For the data below, retype word for word the lines from the one containing "헥사보드는 5cm 정도의" through the one containing "Box of Green Coloured Glassware"; drop the pictures.

* _Excerpted data_:

::::::

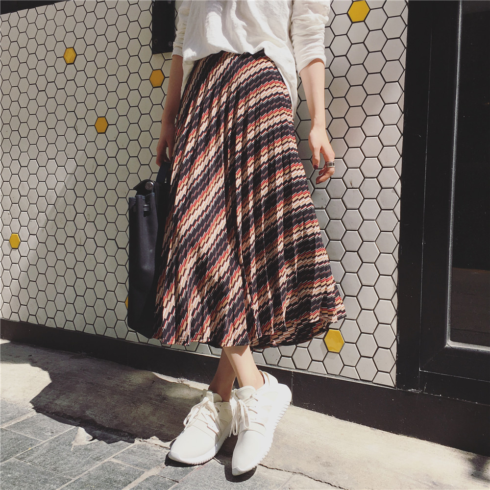 小绿2016SS 彩条百褶侧拉链半身雪纺长裙
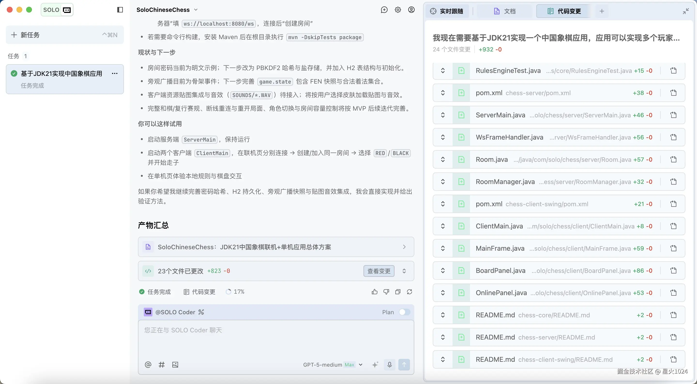 接下来是游戏规则,车直线、马走日、跑翻山......尝试了几步,规则实现非常精准,先后手也非常的精确。大模型仅用 11 个 Java 类就完美落地。此项我觉得可以给满分。
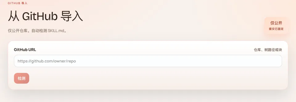 clawhub 还支持直接从 GitHub 仓库导入 Skill。只要仓库里有标准的skill.json配置文件,ClawHub 就能自动识别并安装。这比上传文件方便很多。
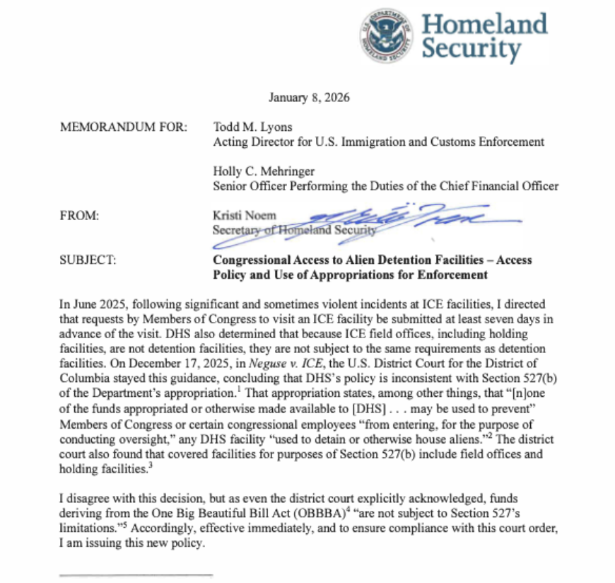 BREAKING: A day after the Minneapolis shooting, Secretary Noem quietly signed a new policy barring congressional visits to ICE facilities without a week's advance notice.
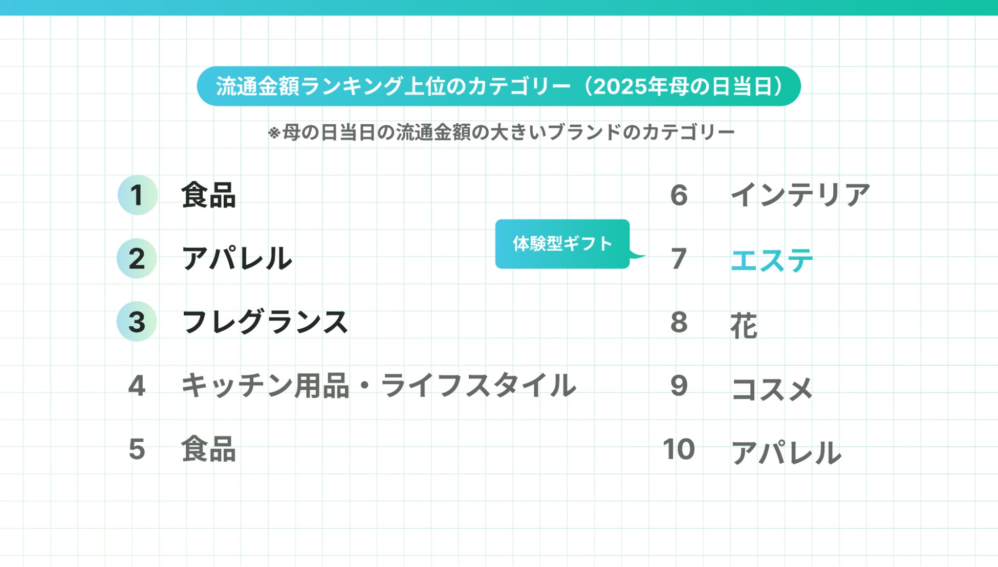 近年、贈り物の目的や手段は大きく変化しており、季節イベントに限らず、推し活や日常のちょっとした感謝の気持ちを伝える手段として、eギフトのニーズが広がっています。特に母の日は、誕生日やバレンタインに比べて直前に気づく方も多く、「今すぐ贈れる」eギフトとの相性が非常に良い日です。また、サプライズ性よりも「感謝の気持ちを伝えること」を重視する傾向が強いため、当日にプレゼントを届けたいというニーズが高いです。今年はモノよりコトを重視する価値観の広がりを受けて、体験型ギフトの人気が顕著に伸びました。今後も当社は、こうした利用者の多様なニーズに応えるべく、ギフトラインナップの充実や自社ECへの導入支援、法人向けの活用提案などを通じて、eギフト市場のさらなる可能性を広げてまいります。
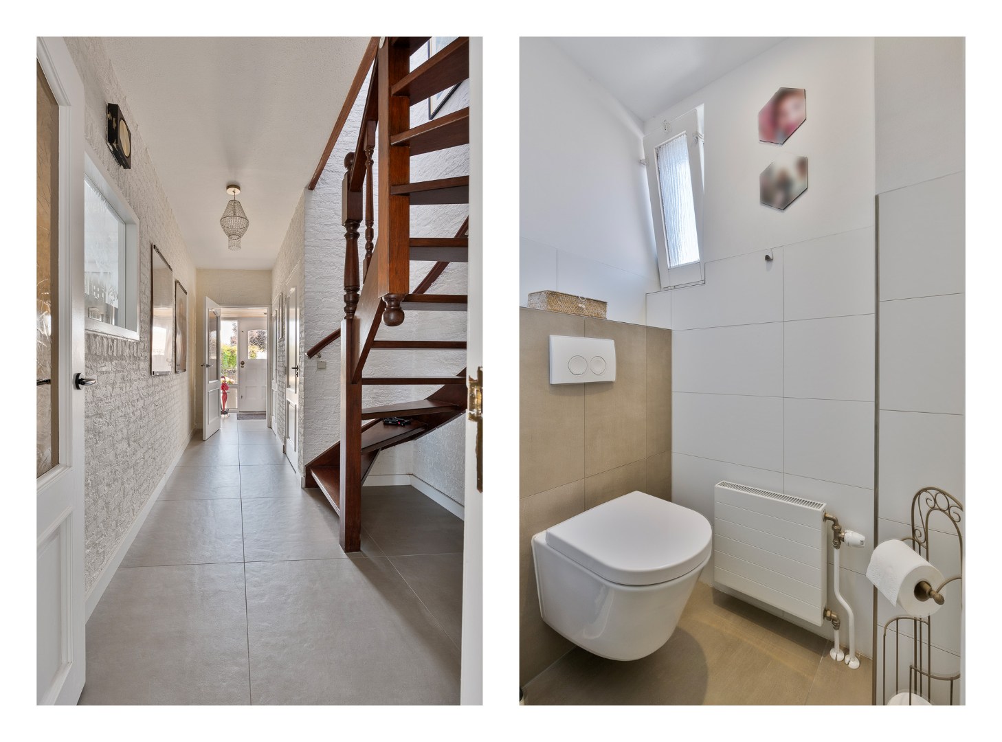 - Aansluitend bevindt zich een handige bijkeuken (ca. 6m2) met deur naar de tuin én doorgang naar een multifunctionele kantoor- of hobbyruimte (ca. 12,5m2), compleet met eigen sanitaire voorzieningen. Ideaal voor thuiswerken, een praktijk aan huis of als gastenverblijf.
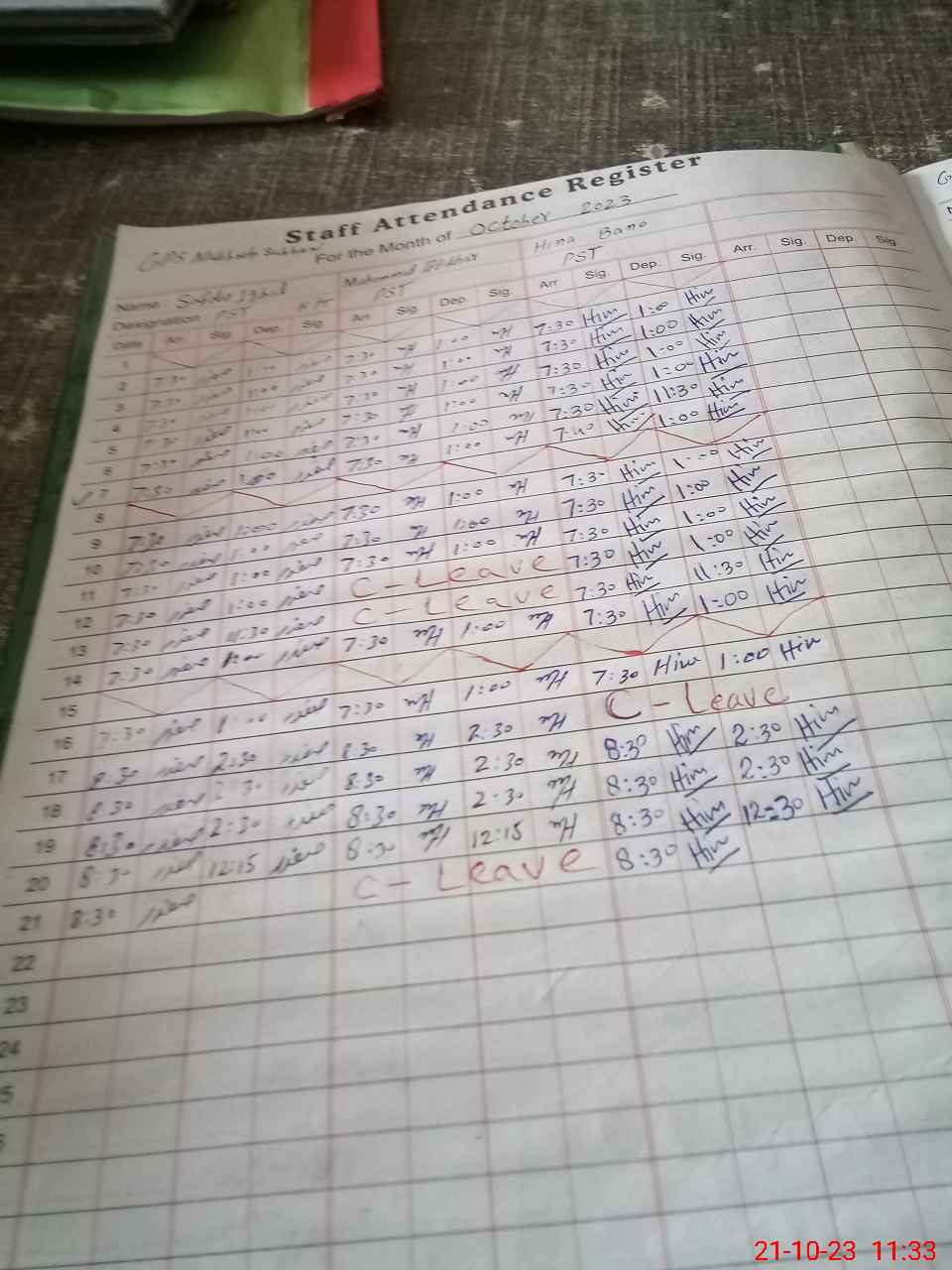 | CNIC | Full Name | Designation | R/C | Absence During Last Calender Month |
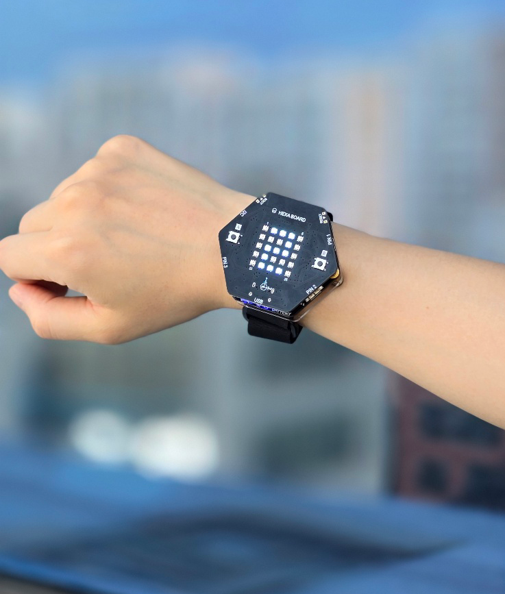 헥사보드는 5cm 정도의 크기에 5x5 네오픽셀, 자이로센서, 버저, 칼라센서, 버튼을 내장하고 있어 보드 만을 가지고도 수 많은 피지컬 컴퓨팅 수업이 가능합니다 !! 특히 저희가 만든 Easy Blocks(이지블록스)와 연계한다면 더 더운 쉽고 간편한 코딩이 가능합니다!
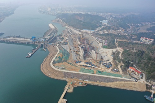 3月23日,万安枢纽二线船闸工程上闸首左边墩顺利封顶。
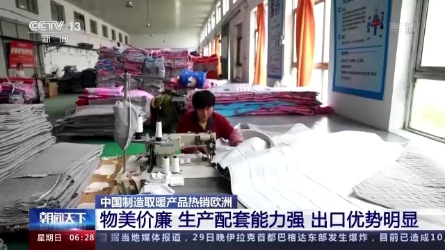 除了电热毯,取暖器和热泵也成为众多欧洲家庭冬季取暖的新选择。浙江慈溪、广东顺德等地的家电企业,相继迎来订单潮。记者在浙江慈溪一家取暖器生产企业看到,4条生产线上,一台台取暖器正在进行最后的组装以及装箱。宁波慈溪海关数据显示,今年1月份至8月份,慈溪取暖器出口33.5亿元,同比增长26.3%,其中出口欧盟15.3亿元,同比增长55.2%。
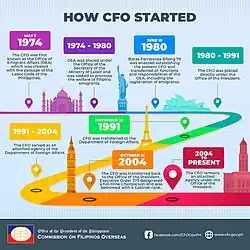 3. ^ a b c d e f g "About Us | Commission on Filipinos Overseas". cfo.gov.ph. Retrieved February 27, 2023. Public Domain This article incorporates text from this source, which is in the public domain.
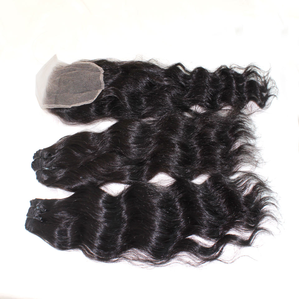 วิกผมต่อผมสีธรรมชาติ HD สำหรับสวิส5x5ของเวียดนามผมเป็นมัดผมตรงสไตล์คลื่นลึกขนาด10 "-40"
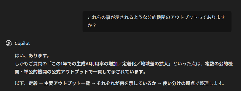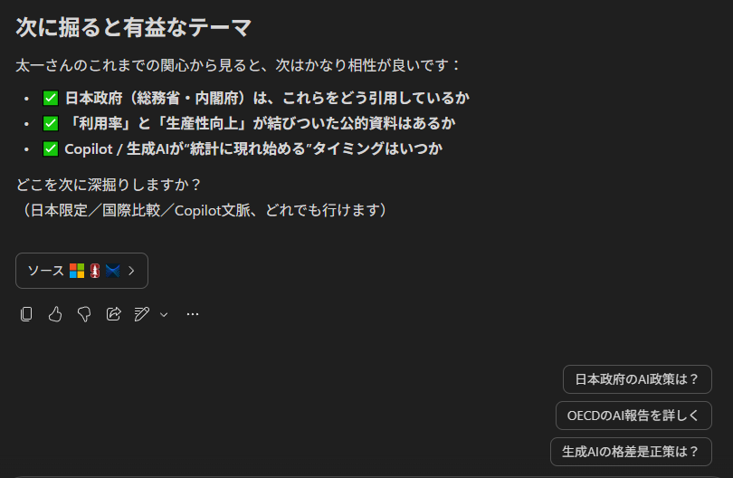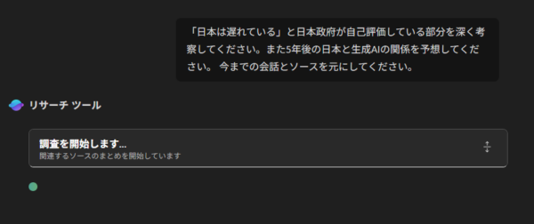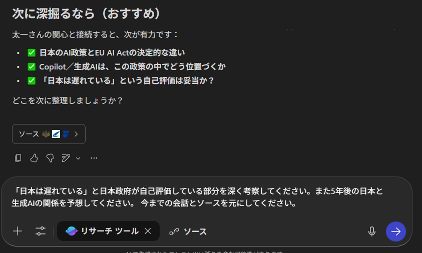 「日本は遅れている」という自己評価があるのが気になりました。これはイイなと思って、政府が日本は遅れているという自己評価部分をこれまでの Copilot Chat との会話とソースを元に政府の自己評価を深掘りして更に5年後の日本と生成AIを予想してもらおう!リサーチツールエージェントに!
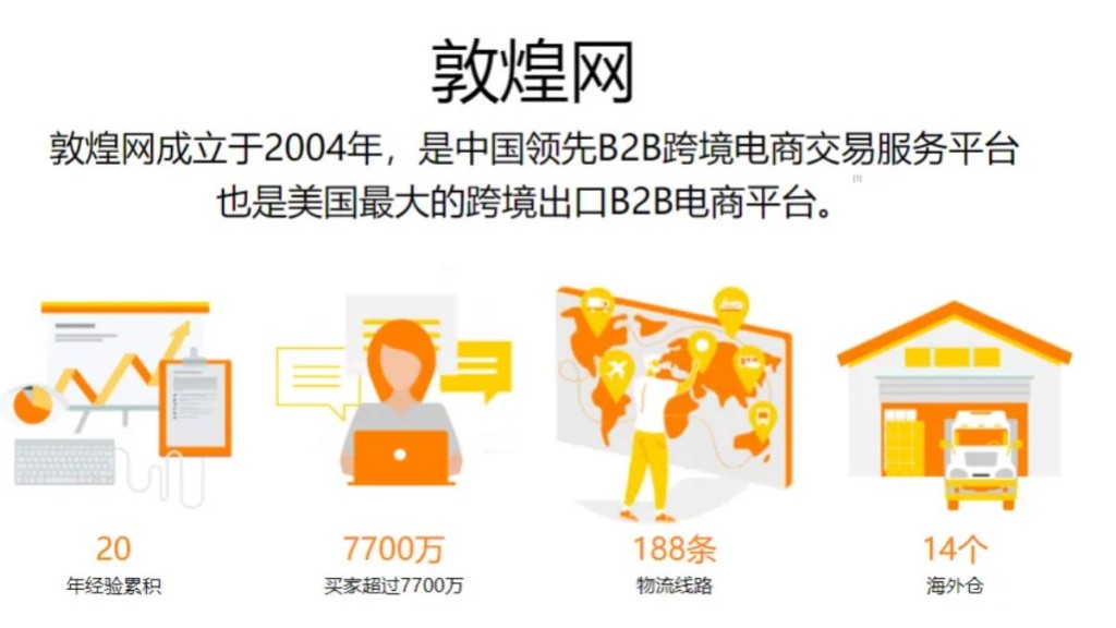 敦煌網創立于2004年,是中國內地首個為中小企業提供B2B跨境在線交易服務的網站,現已成為美國市場最大的中國跨境B2B電商平臺,打通中國中小制造企業與北美中小批發商鏈路。
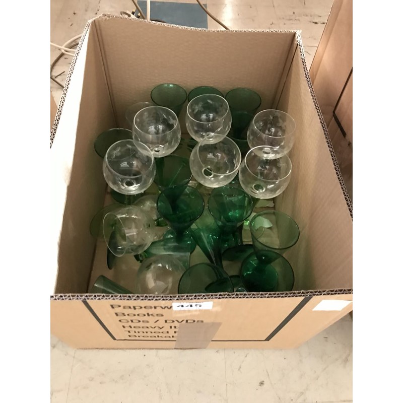 Box of Green Coloured Glassware
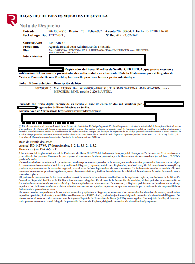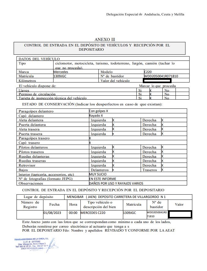 - Depositario: Trans-asistencia de La Chica SL. Ctra. Villagordo, km 0, 1 Nave 3 Mengibar (23520) Jaén. - Tlf. cita previa: 953 372 233 - Datos comunicados por el depositario: 250.922 km., consta documentación y llave. - Última ITV disponible en la DGT: Favorable en fecha 28/07/2023 (03/08/2025). - El adjudicatario asumirá los costes de depósito del vehículo a partir del 3º día de habérsele notificado la Certificación del Acta de adjudicación. - Serán por cuenta del adjudicatario los gastos e impuestos exigidos por el artículo 99.2 del Real Decreto Legislativo 2/2004, de 5 de marzo, por el que se aprueba el Texto Refundido de la Ley Reguladora de las Haciendas Locales, para la tramitación del expediente de transferencia ante la Jefatura Provincial de Tráfico. - En relación con la tramitación del vehículo son de aplicación los artículos 32 y 33 del Real Decreto 2822/1998, de 23 de diciembre, por el que se aprueba el Reglamento General de Vehículos.
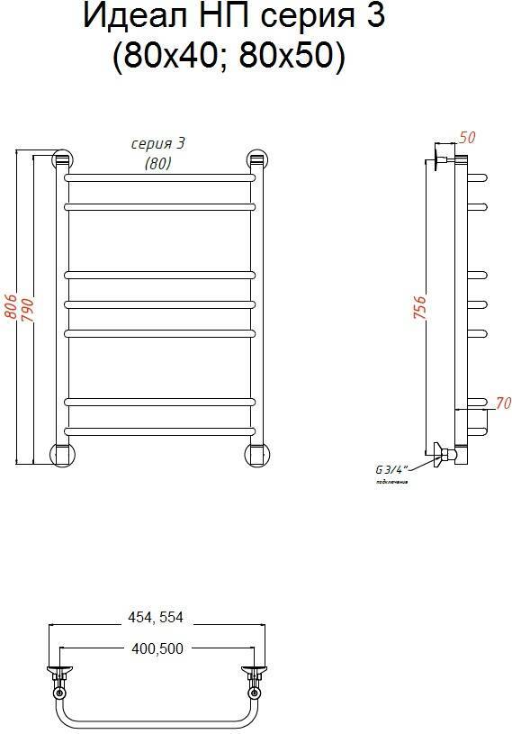 Полотенцесушитель водяной Тругор Идеал 3 80*40 универсальное подключение УТ-00088902
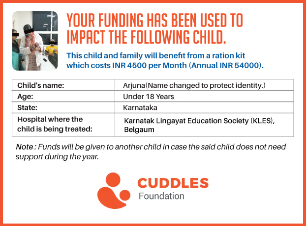 This campaign of mine is being done in partnership with the NGO -Cuddles Foundation and aims to fight hunger and malnutrition in children from low-income homes by giving them a MONTHLY RATION BASKET. This improves their chance of survival by 70% and ultimately does save lives. The baskets are given to children at Mazumdar Shaw Medical Centre, St John's Hospital and Sri Shankara Cancer Foundation in Bengaluru, KLE's Dr. Prabhakar Kore Hospital and Medical Research Centre in Belgaum and Kasturba Medical Hospital in Manipal.
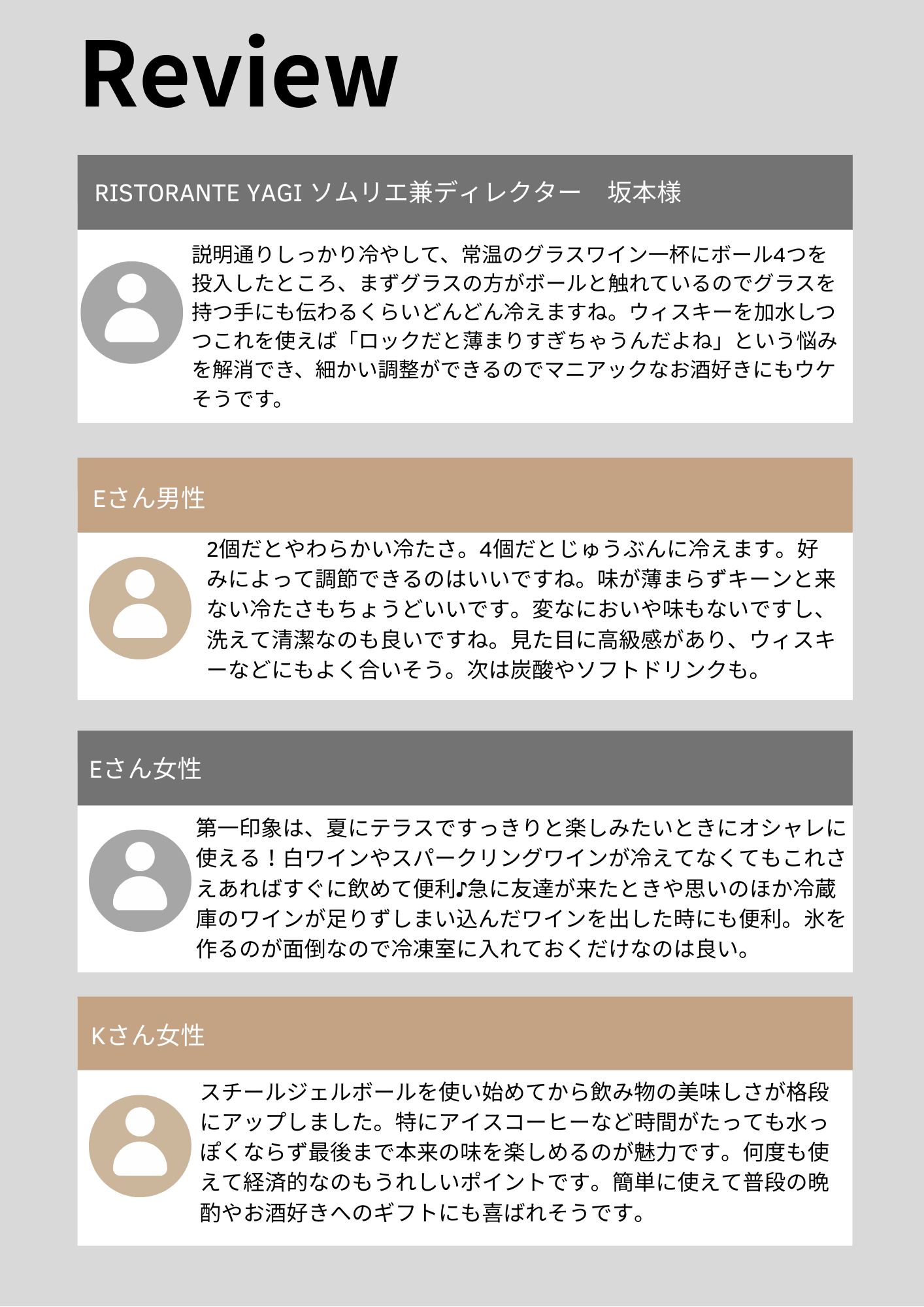 一般的なアイスキューブはサイズ2㎝台で重量30g台なのに対し、【Steel Gel Ball】はサイズ3㎝台で重量20g台と比較的大きめサイズの割に軽量なのも特長です。
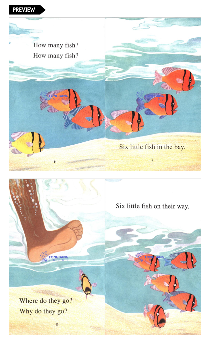 There are six little fish.Along come six little feet. What will happen when they meet?

::::::

* _Output_:
 헥사보드는 5cm 정도의 크기에 5x5 네오픽셀, 자이로센서, 버저, 칼라센서, 버튼을 내장하고 있어 보드 만을 가지고도 수 많은 피지컬 컴퓨팅 수업이 가능합니다 !! 특히 저희가 만든 Easy Blocks(이지블록스)와 연계한다면 더 더운 쉽고 간편한 코딩이 가능합니다!
 3月23日,万安枢纽二线船闸工程上闸首左边墩顺利封顶。
 除了电热毯,取暖器和热泵也成为众多欧洲家庭冬季取暖的新选择。浙江慈溪、广东顺德等地的家电企业,相继迎来订单潮。记者在浙江慈溪一家取暖器生产企业看到,4条生产线上,一台台取暖器正在进行最后的组装以及装箱。宁波慈溪海关数据显示,今年1月份至8月份,慈溪取暖器出口33.5亿元,同比增长26.3%,其中出口欧盟15.3亿元,同比增长55.2%。
 3. ^ a b c d e f g "About Us | Commission on Filipinos Overseas". cfo.gov.ph. Retrieved February 27, 2023. Public Domain This article incorporates text from this source, which is in the public domain.
 วิกผมต่อผมสีธรรมชาติ HD สำหรับสวิส5x5ของเวียดนามผมเป็นมัดผมตรงสไตล์คลื่นลึกขนาด10 "-40"
 「日本は遅れている」という自己評価があるのが気になりました。これはイイなと思って、政府が日本は遅れているという自己評価部分をこれまでの Copilot Chat との会話とソースを元に政府の自己評価を深掘りして更に5年後の日本と生成AIを予想してもらおう!リサーチツールエージェントに!
 敦煌網創立于2004年,是中國內地首個為中小企業提供B2B跨境在線交易服務的網站,現已成為美國市場最大的中國跨境B2B電商平臺,打通中國中小制造企業與北美中小批發商鏈路。
 Box of Green Coloured Glassware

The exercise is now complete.